Monday, March 14, 2005

Firefox and Stop Sign

Redemption in a blog reports on a troubling issue. He searched for an item in Google (I did the same by searching on "Firefox") and Google responded with a list of ads, one of which seemed to advertise Firefox for download. Only, it wasn't Firefox's site, but rather the site for an anti-spyware company called "Stop-sign". Further investigation on my part found several links on the web suggesting that Stop-sign was itself spyware and, at one time in their history, tended to use drive-by install methods (where the software installs itself on someone's PC without asking permission). This may or may not have cleared itself up as Stop-sign appears to have re-organized as a company and I did find some positive statements about them. However, I'm not certain that Firefox wants to be associated to them. Stop-sign does charge for their antivirus software and Firefox is free.
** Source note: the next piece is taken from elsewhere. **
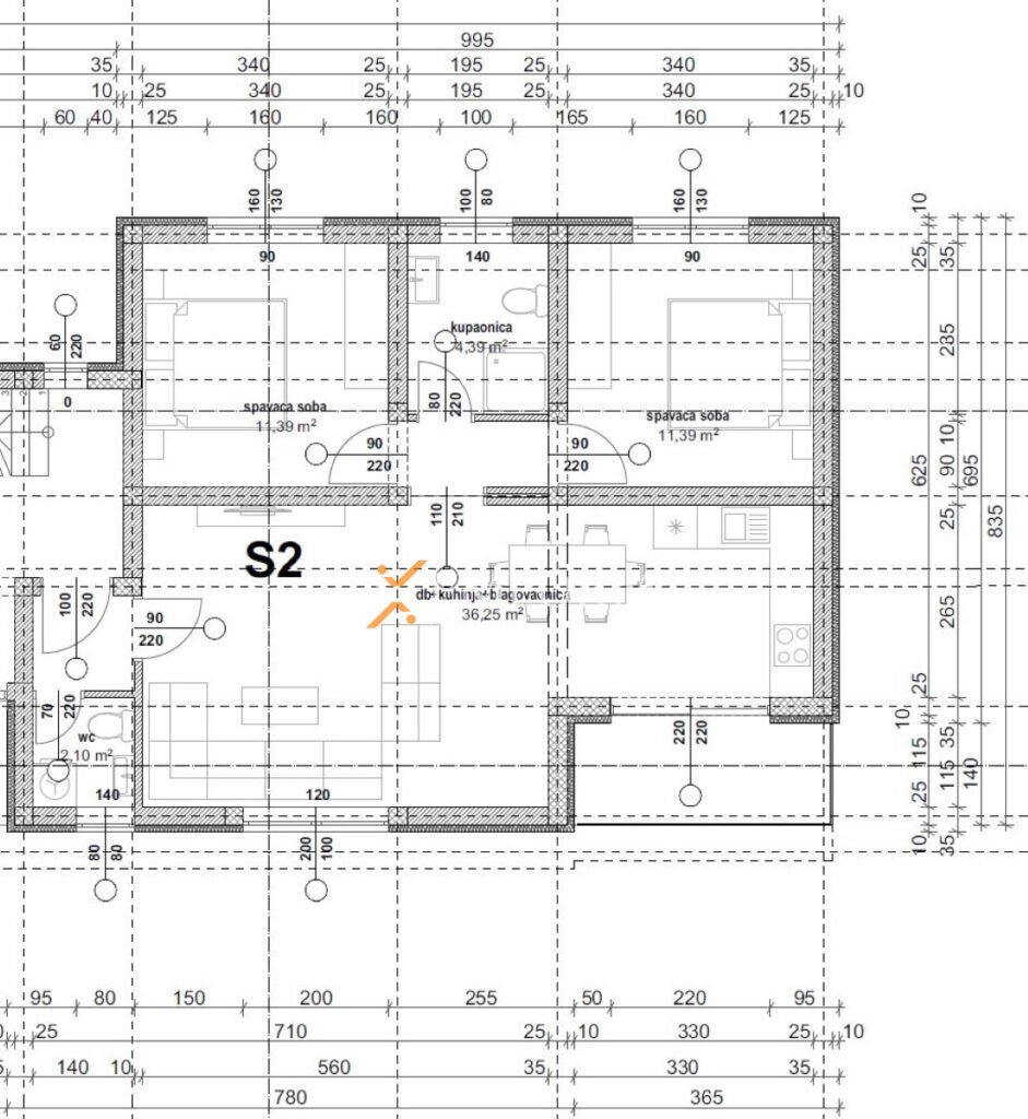Dodatno stanu pripada vrt od 99,81 m2, te dva parkirna mjesta ispred zgrade.
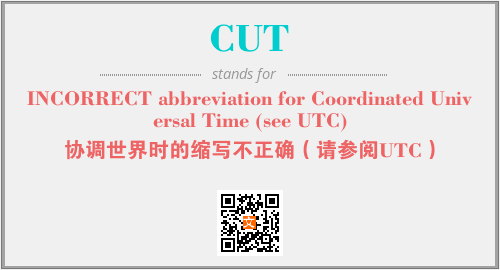 上述内容是“INCORRECT abbreviation for Coordinated Universal Time (see UTC)”作为“CUT”的缩写,解释为“协调世界时的缩写不正确(请参阅UTC)”时的信息,以及英文缩略词CUT所代表的英文单词,其对应的中文拼音、详细解释以及在英文中的流行度和相关分类、应用领域及应用示例等。

From Spyware Warrior's site about Stop-sign:

"eAcceleration's Stop-Sign anti-malware scanner was listed on this page primarily because of the company's history of employing deceptive advertising and drive-by-downloads (1, 2, 3, 4). The company was also known for removing and/or disabling competing apps. These objectionable business practices were employed primarily during the years 2002-2003.

Sometime during 2004 the company underwent reorganization. Not only have the worst of the company's download and installation practices been halted, but the company has completely overhauled its stub installer application, giving users much more control over the software modules to be installed on their systems (1, 2).

While testing indicates that the "threat scanner" is still slow and has occasional problems with false positives -- in large part because of the use of heuristics, which cannot be turned off by the user -- we can no longer classify this application as "rogue/suspect." Nonetheless, this anti-malware application -- at least in its current state -- cannot be recommended, given the many excellent competing anti-virus, anti-trojan, and anti-spyware applications that are available (some for free).


Chu Yeow said...

Just so it is clear, I didn't find the ad off a search on Google. I spotted it while looking through the documentation for the Web Developer Toolbar like I wrote in my blog post.

Looks like Stop-Sign has removed the ads at this time, though.

B.D. said...

My error. I stand corrected and apparently misread your post. However, I did a search for 'Firefox' in Google at the time and noted that the Stop-Sign ad appeared there as well. I thought that was troubling enough to post about it.